God promises rewards for those who are mistreated because of their faith. Believe Him.
God promises His peace when you go through a storm in life. Believe Him.
And to all Christ-followers, God promises a future home in Heaven where there will be no more pain, no more suffering, no more loss, no more sickness, no more death. Believe Him.

This Book (the Bible) is packed full of promises that God has made, and perhaps He has made some to you personally. Believe Him. He will not back out on His promises. You can trust Him.

4.    Appreciate the blessings of God

Recognize the blessings of God. Even when you’re smack dab in the middle of a personal storm, whatever it may be, take the time to recognize and appreciate the blessings of God.

Acts 27:35 (NLT)
Then he took some bread, gave thanks to God before them all, and broke off a piece and ate it.

What a strange thing to do. The ship is in danger of capsizing, the crew has been battling hurricane force winds for two weeks, and Paul gives thanks? What does he have to be thankful for?

Well, no lives had been lost, they still had some food to eat, and God had given them that great promise that everything would work out. So really, they had a lot to be thankful for.

And you know, it’s not a bad idea to look for the blessings of God even in the midst of a storm. The blessings may not be all that evident at first, but look for them and they’ll be there. And that can have a tremendous impact on your own attitude and perspective.

I think this is something we really need to pay attention to. Because it’s so easy for us to gripe and complain when everything seems to be working against us, but all that does is increase the intensity of the storm.

But what happens when you find something to be grateful for? Suddenly the storm doesn’t seem to be as bad. Oh, your circumstances may not have changed, the storm may still be raging, but your perspective changes. Take a look at what happened to the men on the ship after Paul gave thanks…

Acts 27:36-37 (NLT)
Then everyone was encouraged and began to eat—all 276 of us who were on board.

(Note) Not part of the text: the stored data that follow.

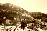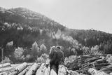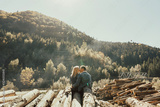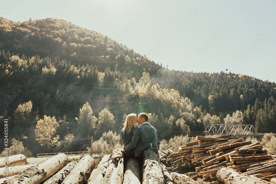 Stylish boy and girl standing on the stack of firewood in the beautiful colorful autumn forest. Back of loving couple embracing on the felled logs in the forest with perfect landscape.
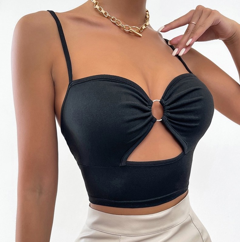 유럽과 미국에서 인기 있는 크로스보더 무지 컬러 블록 디자인 링 컷아웃 섹시 뷔스티에 탑
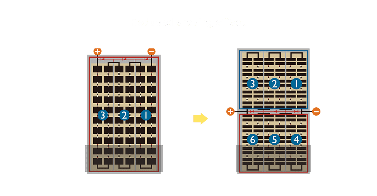 • 结合半切电池,,,,降低遮阴影响、、、提升模组抗隐裂能力、、并减少电阻损耗,,,,进一步提升模组发电效能。。
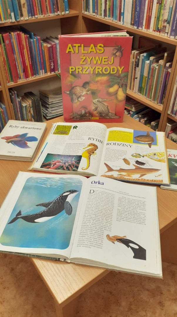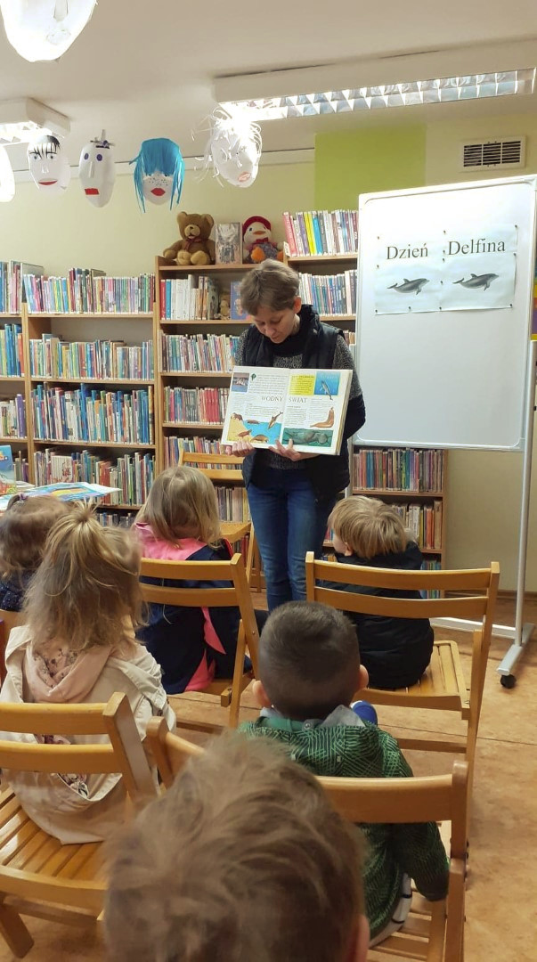 Podczas głośnego czytania nasi czytelnicy wysłuchali ciekawostek o delfinach oraz wierszy: „Delfiny” Marty Próchniewicz i „Ryba” Michała Jankowiaka. Następnie dzieci obejrzały różnorodne ciekawe książeczki ze zdjęciami i rysunkami delfinów oraz ryb morskich.
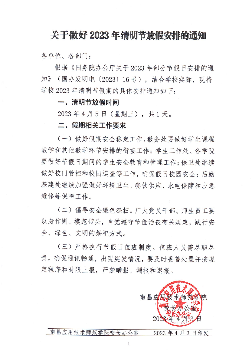 教学管理 学院新闻 学院公告 学院相册 您现在的位置是:首页 > 教学管理 > 学院公告 关于做好 2023 年清明节放假安排的通知 管理员2023-04-041837 上一篇 关于将朱子健等13位同志进行入党积极分子备案的报告
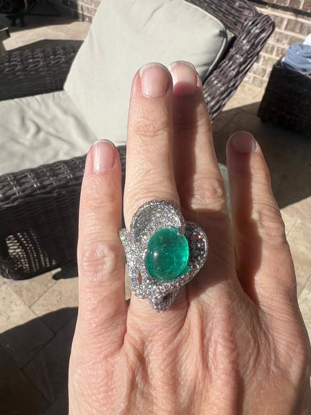 Home » Colored Stone Center » 9.77CT OVAL "COLOMBIAN" EMERALD SURROUNDED BY 7.00CT OF PINK AND WHITE DIAMONDS

Men who had been so stressed out that they didn’t even have appetites for two weeks, suddenly were encouraged and were able to eat and regain some of their strength. And I think you would find the same response in your own life. Count your blessings, take note of what you have to thank God for, in spite of the storm you’re going through, and it will lift your spirits and help you make it through.

5.    Eliminate Excess Baggage

Acts 27:38 (NLT)
After eating, the crew lightened the ship further by throwing the cargo of wheat overboard.

[Notice the very important punctuation in this verse. It’s “After eating, the crew…” not “After eating the crew, …”]

The crew onboard the ship lightened their load and increased their chances of survival by physically throwing the cargo overboard. The storm they were in forced them to decide if they wanted to save their stuff or if they wanted to save their lives.

In our personal storms, we are also confronted with the opportunity to recognize what is truly important. And as difficult as it can be, our storms can actually help us clarify our priorities.

When you’re going through a financial storm, suddenly that high definition plasma screen TV doesn’t seem all that important, does it? When you’re going through a health crisis, that promotion at work is no longer your primary concern. When you have a relational crisis, that trip you’ve been saving for kind of gets put on the back burner. When you lose your job, accumulating the latest toys and gadgets slips down your list of priorities.

And what are you left with? What do you find is really important? Well, Family, friends, faith… those are the kinds of things that come to the forefront. And it’s those things that can help you through the storm.